[Directions for this task]
Please repeat the whole listing exactly, but leave out any picture it holds.

[Input data]
——————

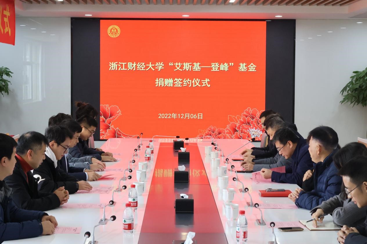 12月6日,“艾斯基—登峰”基金捐赠仪式在永利yl23411官网入口下沙校区举行。杭州艾斯基光学仪器有限公司向永利yl23411官网捐赠30万元,设立“艾斯基—登峰”基金。公司党委委员、副董事长徐晓东,杭州艾斯基光学仪器有限公司总经理、2008届员工王建平,校社会合作办、员工办主任张红英,计划财务处副处长张稀,永利yl23411官网学科带头人、盈阳金融科技公司经理张文宇,永利yl23411官网经理张帅、党委书记徐奇伟、副经理陈远高、副书记田聪、副经理隆清琦、信息管理系主任刘维树、电子商务系主任陈明晶,院团委书记、员工工作联络员毛立晨,研究生代表等出席仪式。
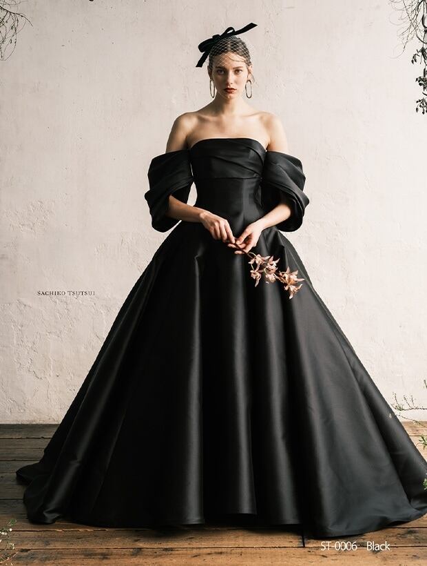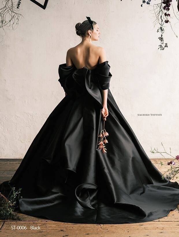 美品!ブラックカラードレス 黒 取り外し袖 フリルバックスタイル 光沢サテン パーティードレス イブニングドレス【色変更可能】
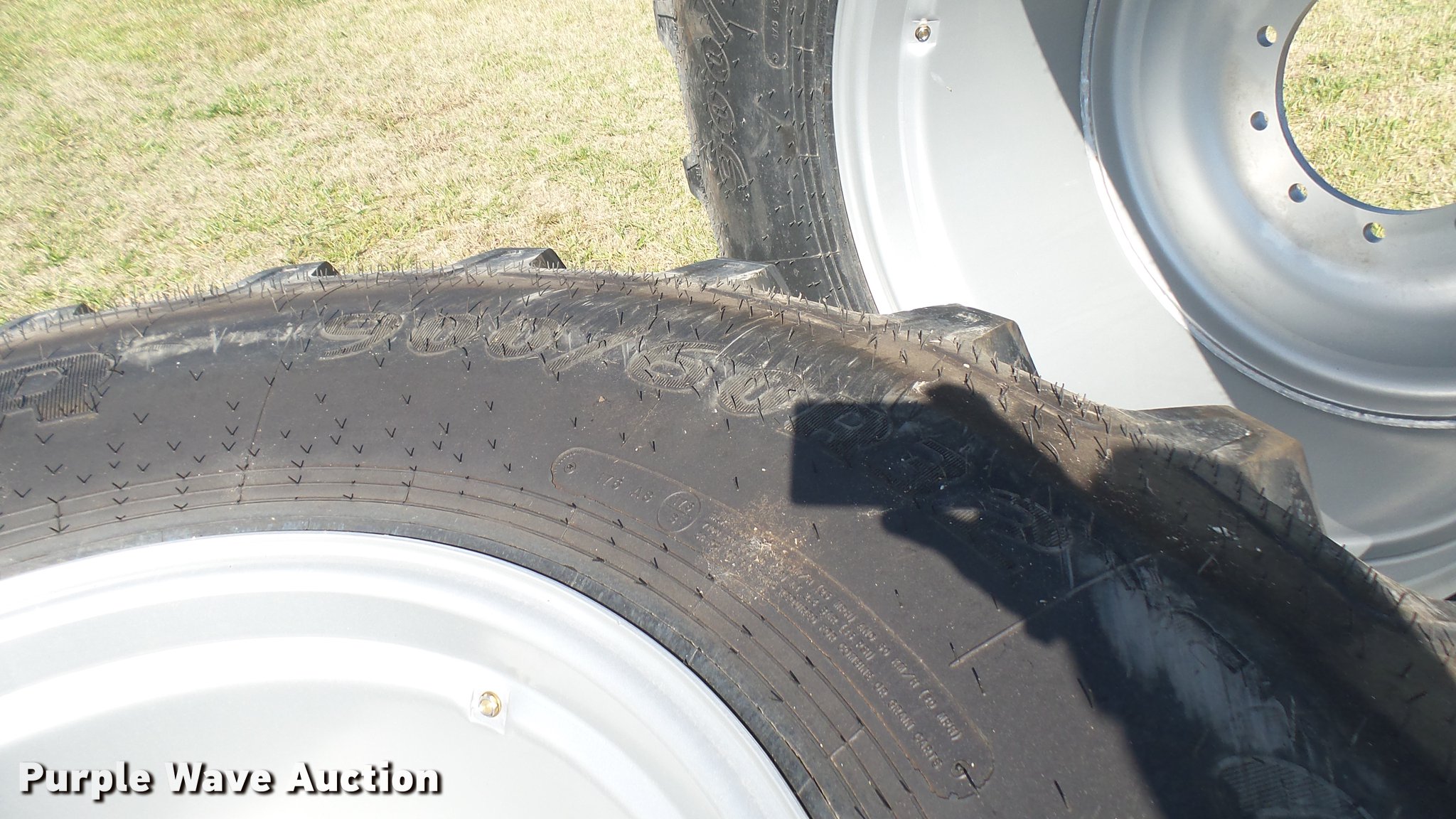 Purple Wave is selling a used Industrial Tires or Tracks in Kansas. This item is a (2) Goodyear Optitrac 900/60R32 tires and wheels with the following: Optitrac DT830 R1W tread, Load rating 176, 27" wide x 32" wheel, 10 lug wheels, 13 1/8 bolt spacing, 11" pilot hole, Center flange measures 2.5" off wheel center line, Can mount to either side of wheel flange, Unused, Wheels fit late model Case, John Deere, Massey, Gleaner, and New Holland
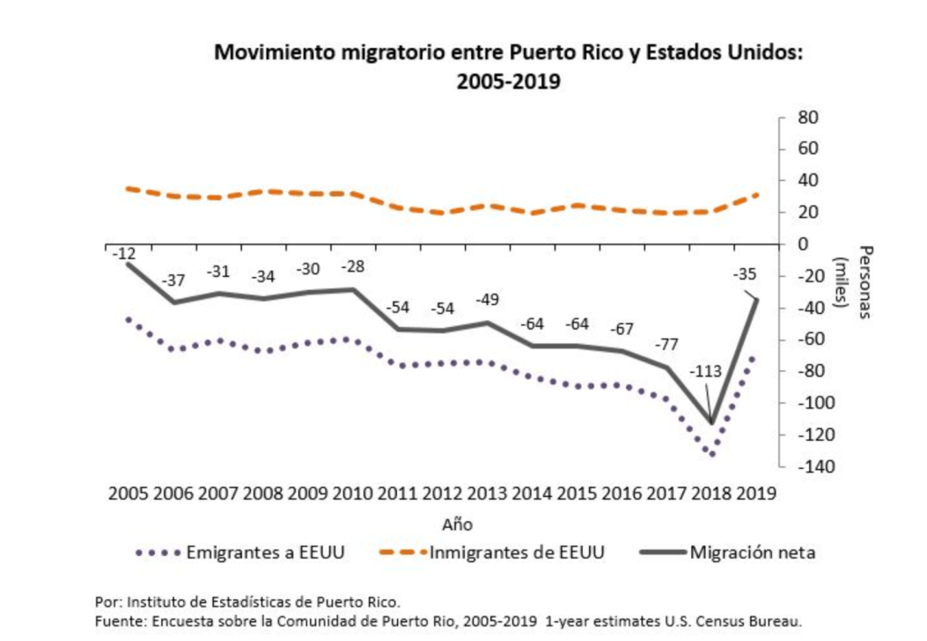 Según las estadísticas del Censo, el movimiento migratorio de los puertorriqueños a los Estados Unidos, desde el 2005, ha sido muy elevado. No obstante, en el 2019 hubo una reducción en la migración. Se estima que fueron 35 mil personas en ese año y en el 2017 fueron 97 mil puertorriqueños. A pesar de esta reducción, continúa siendo una cifra significativa para Puerto Rico.

——————

[Solution to the exercise]
 12月6日,“艾斯基—登峰”基金捐赠仪式在永利yl23411官网入口下沙校区举行。杭州艾斯基光学仪器有限公司向永利yl23411官网捐赠30万元,设立“艾斯基—登峰”基金。公司党委委员、副董事长徐晓东,杭州艾斯基光学仪器有限公司总经理、2008届员工王建平,校社会合作办、员工办主任张红英,计划财务处副处长张稀,永利yl23411官网学科带头人、盈阳金融科技公司经理张文宇,永利yl23411官网经理张帅、党委书记徐奇伟、副经理陈远高、副书记田聪、副经理隆清琦、信息管理系主任刘维树、电子商务系主任陈明晶,院团委书记、员工工作联络员毛立晨,研究生代表等出席仪式。
 美品!ブラックカラードレス 黒 取り外し袖 フリルバックスタイル 光沢サテン パーティードレス イブニングドレス【色変更可能】
 Purple Wave is selling a used Industrial Tires or Tracks in Kansas. This item is a (2) Goodyear Optitrac 900/60R32 tires and wheels with the following: Optitrac DT830 R1W tread, Load rating 176, 27" wide x 32" wheel, 10 lug wheels, 13 1/8 bolt spacing, 11" pilot hole, Center flange measures 2.5" off wheel center line, Can mount to either side of wheel flange, Unused, Wheels fit late model Case, John Deere, Massey, Gleaner, and New Holland
 Según las estadísticas del Censo, el movimiento migratorio de los puertorriqueños a los Estados Unidos, desde el 2005, ha sido muy elevado. No obstante, en el 2019 hubo una reducción en la migración. Se estima que fueron 35 mil personas en ese año y en el 2017 fueron 97 mil puertorriqueños. A pesar de esta reducción, continúa siendo una cifra significativa para Puerto Rico.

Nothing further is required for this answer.